The rise of the IoT
IoT devices have given birth to a tremendous amount of information, changing the way data is uploaded and shared. Traditionally, the cloud has played a pivotal role in managing the data churned by IoT devices. However, as the distance between the cloud and IoT devices increases, so does the transmission latency. Consequently, edge computing, which shortens the distance between the cloud and devices by situating an edge server between them, has been championed as a way to tackle this hurdle. As a result, many are wondering if edge computing is weeding out the cloud.
The need for decentralization
One reason many suspect edge computing is weeding out the cloud is the need among IoT devices to process data quickly. Edge computing accomplishes this task by processing data closer to the source rather than a centralized location as is the case with cloud computing. The approach involves allocating and dividing the processes between the centralized system and device.

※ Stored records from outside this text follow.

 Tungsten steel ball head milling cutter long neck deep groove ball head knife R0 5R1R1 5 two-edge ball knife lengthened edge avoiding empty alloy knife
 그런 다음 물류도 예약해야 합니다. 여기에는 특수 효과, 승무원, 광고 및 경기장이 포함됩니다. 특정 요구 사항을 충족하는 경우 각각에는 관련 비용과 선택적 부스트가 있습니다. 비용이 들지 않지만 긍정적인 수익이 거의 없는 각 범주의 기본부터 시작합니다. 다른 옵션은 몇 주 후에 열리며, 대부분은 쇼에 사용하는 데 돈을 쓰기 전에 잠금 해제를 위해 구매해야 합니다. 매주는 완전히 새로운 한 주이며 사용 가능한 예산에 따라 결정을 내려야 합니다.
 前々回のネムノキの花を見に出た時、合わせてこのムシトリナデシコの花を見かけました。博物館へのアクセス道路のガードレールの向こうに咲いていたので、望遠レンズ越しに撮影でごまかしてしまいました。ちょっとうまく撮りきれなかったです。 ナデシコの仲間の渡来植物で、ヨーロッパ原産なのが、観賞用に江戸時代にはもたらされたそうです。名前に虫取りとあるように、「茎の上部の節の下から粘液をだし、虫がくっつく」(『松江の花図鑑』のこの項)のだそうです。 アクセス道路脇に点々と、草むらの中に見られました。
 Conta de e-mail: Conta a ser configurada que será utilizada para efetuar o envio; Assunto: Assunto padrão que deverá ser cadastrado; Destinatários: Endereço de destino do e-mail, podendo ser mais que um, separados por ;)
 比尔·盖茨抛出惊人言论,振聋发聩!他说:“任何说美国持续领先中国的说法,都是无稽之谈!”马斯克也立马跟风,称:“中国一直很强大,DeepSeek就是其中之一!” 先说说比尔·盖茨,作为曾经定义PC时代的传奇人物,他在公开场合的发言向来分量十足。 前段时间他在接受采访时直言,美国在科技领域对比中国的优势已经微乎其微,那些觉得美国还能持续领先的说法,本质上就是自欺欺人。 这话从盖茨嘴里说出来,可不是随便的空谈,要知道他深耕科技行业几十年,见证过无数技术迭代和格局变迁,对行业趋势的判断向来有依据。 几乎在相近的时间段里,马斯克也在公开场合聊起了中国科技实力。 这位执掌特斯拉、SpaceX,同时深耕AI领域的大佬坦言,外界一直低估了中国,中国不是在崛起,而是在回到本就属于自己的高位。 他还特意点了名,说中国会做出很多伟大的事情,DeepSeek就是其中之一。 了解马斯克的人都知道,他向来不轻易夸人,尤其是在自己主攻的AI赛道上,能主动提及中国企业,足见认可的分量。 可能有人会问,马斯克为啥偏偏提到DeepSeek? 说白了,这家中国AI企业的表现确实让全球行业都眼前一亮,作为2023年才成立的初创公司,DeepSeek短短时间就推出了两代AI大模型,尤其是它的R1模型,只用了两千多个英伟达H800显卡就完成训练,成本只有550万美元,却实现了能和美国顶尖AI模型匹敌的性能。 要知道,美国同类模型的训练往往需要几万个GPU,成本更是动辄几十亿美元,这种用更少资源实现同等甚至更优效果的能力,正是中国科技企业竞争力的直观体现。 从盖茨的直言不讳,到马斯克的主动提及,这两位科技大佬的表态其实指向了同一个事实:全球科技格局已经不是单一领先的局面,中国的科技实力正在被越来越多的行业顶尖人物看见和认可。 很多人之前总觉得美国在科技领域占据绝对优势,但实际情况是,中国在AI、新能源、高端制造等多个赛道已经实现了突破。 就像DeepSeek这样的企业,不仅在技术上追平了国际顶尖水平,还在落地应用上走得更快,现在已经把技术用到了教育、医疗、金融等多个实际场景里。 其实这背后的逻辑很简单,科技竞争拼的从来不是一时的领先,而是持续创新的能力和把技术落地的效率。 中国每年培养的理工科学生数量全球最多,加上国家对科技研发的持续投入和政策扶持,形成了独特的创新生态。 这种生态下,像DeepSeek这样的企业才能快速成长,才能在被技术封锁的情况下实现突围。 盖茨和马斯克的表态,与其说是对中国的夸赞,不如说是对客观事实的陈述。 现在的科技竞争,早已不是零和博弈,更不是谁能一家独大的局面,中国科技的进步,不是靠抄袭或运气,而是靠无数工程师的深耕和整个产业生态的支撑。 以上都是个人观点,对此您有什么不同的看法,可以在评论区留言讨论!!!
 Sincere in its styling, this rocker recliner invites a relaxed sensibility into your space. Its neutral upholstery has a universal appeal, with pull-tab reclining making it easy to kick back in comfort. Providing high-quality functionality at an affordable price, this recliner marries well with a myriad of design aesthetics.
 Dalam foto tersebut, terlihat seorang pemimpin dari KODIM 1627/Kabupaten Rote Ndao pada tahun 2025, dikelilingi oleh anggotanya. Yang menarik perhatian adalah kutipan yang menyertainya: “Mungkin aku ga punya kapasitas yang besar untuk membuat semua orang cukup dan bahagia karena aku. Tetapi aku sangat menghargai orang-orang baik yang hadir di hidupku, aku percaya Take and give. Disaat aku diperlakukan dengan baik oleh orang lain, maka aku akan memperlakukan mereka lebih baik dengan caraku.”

Take smart lights as an example, which have to process data to determine the color of a traffic light. A smart light needs to be able to be able to process the criteria it is fed immediately, so whatever response it is considering it still pertinent once executed. Edge computing can, in theory, meet this need by processing data near the source, such as inside the light bulb. Autonomous vehicles are another common example of IoT systems that must have computing capabilities built into them.
What is left for the cloud?
This doesn’t mean their is nothing left for the cloud to process, however. While it is true issues related to network performance need to be addressed, abandoning the cloud entirely is an extreme countermeasure. The cloud can still be used to provide various services, including media and entertainment. It can also be used to store and share data produced by IoT devices to be reviewed by stakeholders.
Moreover, from the viewpoint of data centers, building smaller data centers or disaster recovery sites has the potential to decrease economies of scale and make operations less efficient. Although this can reduce latency issues, pertinent data stored in edge computing devices may be lost if the device is corrupted. Therefore, it may be beneficial for companies to store data somewhere other than the edge of a network. With wide-area networks (WAN), for example, it is possible to build data centers at a distance from each other without increasing data or compensating network latency. Latency and its impact can be significantly mitigated regardless of where the data is located.
Despite the opportunities opened up by edge computing, many companies and industries will be using the cloud for the years to come. Rather than one weeding out the other, cloud and edge computing can be regarded as two complementary data management processes. With a hybrid approach, each method can be used to compensate for the other’s blind spots, allowing enterprises to reap the benefits of both worlds.